About 10 years back, Sheryl Crow came to town. Tim Smith of Jellyfish was part of her band, and a forum buddy, Andy Harrison, was teching for Tim. A couple days before the show, Andy contacted me and asked if I had any silver mica caps. They were needed for an amp and he wasn't able to score any on the road. As luck had it, I did have the aforementioned item, and brought several different values to the sound check. I watched in awe as Crow's guitarist, Peter Stroud, whom you may know from the many product demo videos he did for various companies, disassembled his amp, took one of the caps I had brought and modded the bright switch, then reassembled the amp, and tested it. Keep in mind he started this 90 minutes before stage time, and still hadn't gone for dinner. _That's_ a guy who knows his gear intimately.

Crow and the band did the Zeppelin tune "Rock and Roll" as their encore, and Stroud ripped into a solo that had enough bite to it to sever heads in the front row, courtesy of the mod to the bright switch. I like to think of it as the night *I* "saved rock and roll". 

I'm sure you'll get your own chance some day.


----------



## vadsy (Dec 2, 2010)

I like threads like this once or twice a year, it adds content and puts everyones fears to rest. 



bw66 said:


> Apparently not... the Stones made 65 million last year.


I wonder how much of it was from music....



butterknucket said:


> Someone has to post this.


yawn


----------



## greco (Jul 15, 2007)

mhammer said:


> It's not like there were "zines" or entertainment columnists to tell folks in Leipzig *what was goin' down* in Vienna or Milan.

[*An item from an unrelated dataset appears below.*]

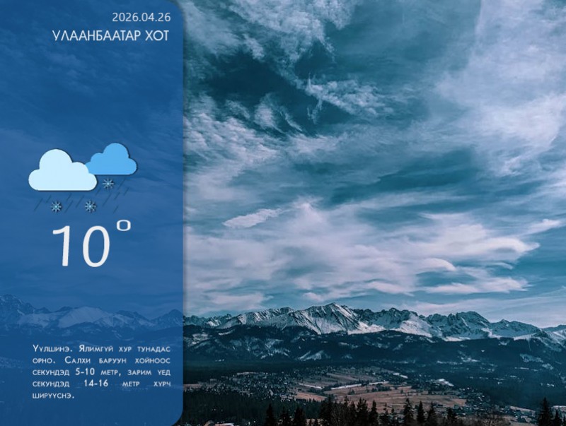 УЛААНБААТАР ХОТ ОРЧМООР: Үүлшинэ. Ялимгүй хур тунадас орно. Салхи баруун хойноос секундэд 5-10 метр, зарим үед секундэд 14-16 метр хүрч ширүүснэ. 8-10 хэм дулаан байна.

Thanks for my laugh for the day!
Maybe this was "goin' down" !!??


----------



## Jim9guitars (Feb 15, 2016)

I'm not a music historian but I was born in 1955 and by the time I turned 5 in 1960 I had a clear understanding that my parents, especially my father, were not adjusting well to this noisy rock and roll music. Then when the Beatles hit the scene a few years later and the whole "British Invasion" began, bringing long hair and ever more experimental(psychadelic) music, they were totally at a loss. They asked why no one liked Benny Goodman, Bing Crosby and Frank Sinatra anymore. From there I've seen the music evolve into heavy metal/hard rock, followed closely by disco,and from there we've seen punk rock, new wave, grunge and somewhere in there there was various versions of progressive rock, jazz fusion etc...., the point being: It appears to me that music trends have been evolving faster and faster as time goes on. When I delved into classical guitar I learned that several of the "periods" that certain styles of classical music lasted for many years, some possibly even centuries. Time marches on but most of these styles of music I've mentioned, and many more I'm sure, still live on in small pockets of time and location and probably always will.


----------



## mhammer (Nov 30, 2007)

Jim9guitars said:


> I'm not a music historian but I was born in 1955 and by the time I turned 5 in 1960 I had a clear understanding that my parents, especially my father, were not adjusting well to this noisy rock and roll music. Then when the Beatles hit the scene a few years later and the whole "British Invasion" began, bringing long hair and ever more experimental(psychadelic) music, they were totally at a loss. They asked why no one liked Benny Goodman, Bing Crosby and Frank Sinatra anymore. From there I've seen the music evolve into heavy metal/hard rock, followed closely by disco,and from there we've seen punk rock, new wave, grunge and somewhere in there there was various versions of progressive rock, jazz fusion etc...., the point being: *It appears to me that music trends have been evolving faster and faster as time goes on. * When I delved into classical guitar I learned that several of the "periods" that certain styles of classical music lasted for many years, some possibly even centuries. Time marches on but most of these styles of music I've mentioned, and many more I'm sure, still live on in small pockets of time and location and probably always will.


This. Great post.


----------



## Budda (May 29, 2007)

The dirty nil released a new song recently, crown lands released an album, monster truck and another band did some collab thing, danko jones has a 20yr career - if you arent looking, you arent finding.


----------



## player99 (Sep 5, 2019)

I got into my car and started driving. The radio was on CBC. I switched it to Chez106 and Billy Idol was singing "In the midnight hour she cries more more more..." I changed it and thought who wants to hear Billy Idol's tired old song?


----------



## mhammer (Nov 30, 2007)

greco said:


> Thanks for my laugh for the day!
> Maybe this was "goin' down" !!??


That WAS fun.


----------



## laristotle (Aug 29, 2019)

Budda said:


> Current music is very young when you look at history


Agree. I still listen to Bach, Mozart etc.
I remember the late 80's, early 90's when today's classic rock (Zep, Floyd, Sabbath) was called dinosaur rock. lol


----------



## Diablo (Dec 20, 2007)

bw66 said:


> Apparently not... the Stones made 65 million last year.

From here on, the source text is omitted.